─── INPUT MATERIAL ───

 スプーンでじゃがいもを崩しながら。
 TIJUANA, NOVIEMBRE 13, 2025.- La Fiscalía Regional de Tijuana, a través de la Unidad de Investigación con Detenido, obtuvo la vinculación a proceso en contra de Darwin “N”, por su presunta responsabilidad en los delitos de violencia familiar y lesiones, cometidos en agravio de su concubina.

───
─── INPUT MATERIAL ───

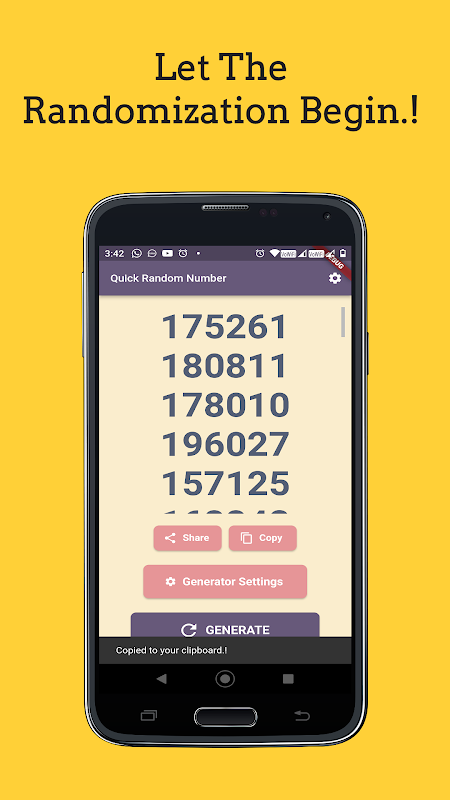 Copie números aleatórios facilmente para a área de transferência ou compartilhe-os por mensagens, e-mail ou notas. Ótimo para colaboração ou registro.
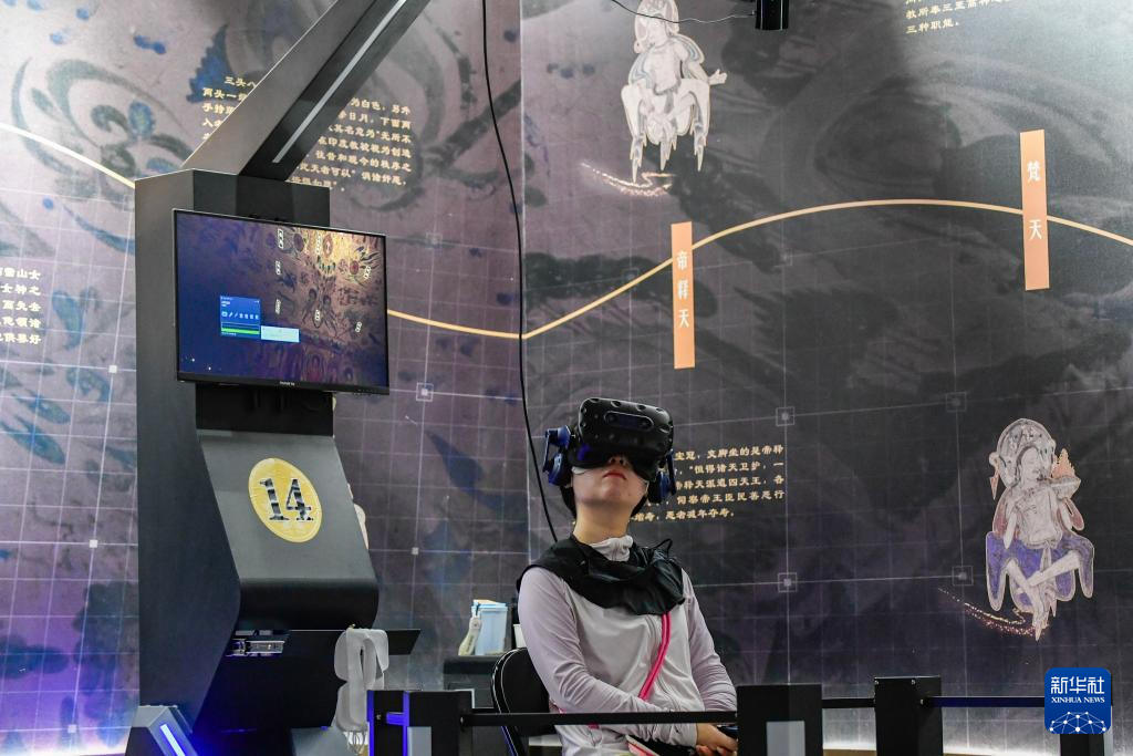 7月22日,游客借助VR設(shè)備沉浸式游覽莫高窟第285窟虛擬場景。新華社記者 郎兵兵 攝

───

EXERCISE >> Copy back exactly the lines above from the one containing "Copie números aleatórios" through the one containing "7月22日,游客借助VR設(shè)備沉", and leave every picture behind.

ANSWER SPACE >>
 Copie números aleatórios facilmente para a área de transferência ou compartilhe-os por mensagens, e-mail ou notas. Ótimo para colaboração ou registro.
 7月22日,游客借助VR設(shè)備沉浸式游覽莫高窟第285窟虛擬場景。新華社記者 郎兵兵 攝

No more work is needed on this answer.